America’s Rural-Jail-Death Problem

by Katie Rose Quandt: For Complete Post, Click Here…

Every day, in small towns and cities across the country, thousands of people are booked into local jails, many for minor crimes. Some never come home.

This is the second in a five-part series about deaths in American jails. Read the first here.

n the early-morning hours of January 7, 2019, when it became clear that 30-year-old Christopher Hall might die, no medical staff were on duty at the Boyd County Detention Center.
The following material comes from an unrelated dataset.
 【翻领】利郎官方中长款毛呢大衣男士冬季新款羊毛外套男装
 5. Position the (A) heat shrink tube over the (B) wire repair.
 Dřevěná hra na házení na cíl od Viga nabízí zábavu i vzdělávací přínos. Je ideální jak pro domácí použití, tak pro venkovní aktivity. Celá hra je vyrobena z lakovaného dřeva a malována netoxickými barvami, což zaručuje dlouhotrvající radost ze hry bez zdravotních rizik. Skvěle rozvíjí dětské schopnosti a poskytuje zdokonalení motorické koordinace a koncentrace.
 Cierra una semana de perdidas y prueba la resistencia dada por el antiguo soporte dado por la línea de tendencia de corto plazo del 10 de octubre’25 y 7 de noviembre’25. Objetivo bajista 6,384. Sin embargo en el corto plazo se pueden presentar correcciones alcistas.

Hall had been booked into the rural eastern-Kentucky jail in the final days of 2018 on a drug-possession charge. During intake, he informed officers that he typically used heroin or methamphetamine every day, that he had high blood pressure and hepatitis C, and that he had experienced delirium tremens or other serious withdrawal symptoms when he’d gone off drugs in the past. But there is no record of Hall seeing a physician during his time in the jail. Instead, medical consultations were made over the phone.
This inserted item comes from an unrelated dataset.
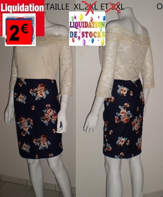 ROBE bas bleu marine fleuri,haut dentelle TAILLE XL

Court records note that during Hall’s first few days at BCDC, “nothing was documented to verify … that he was being monitored or assessed.” He developed a persistent fever, for which he was seen by medical staff several times and given Tylenol, in addition to his blood-pressure medication. On January 6, Hall was prescribed withdrawal medication, but just before midnight, a nurse wrote in his record that he was “withdrawing hard.” Shortly after this, the court records note, jail deputies laughed as they watched an incarcerated janitor clean up Hall’s diarrhea. Hall’s condition continued to worsen, and he eventually stopped speaking.

Staff called an ambulance in the morning, but it was too late. Hall died 13 days after being booked in, with a final emergency-department diagnosis of sepsis, a brain abscess, and “an altered mental status.” An ongoing wrongful-death lawsuit filed by the mother of his child alleges that jail and medical staff “displayed a conscious disregard for his right[s] and safety.” (The defendants have disputed the claims in court, arguing that their “actions were reasonable, proper, justified, legal and undertaken without any wrongful intent, impact or effect.”) Hall was the fourth person to die in eight months at BCDC.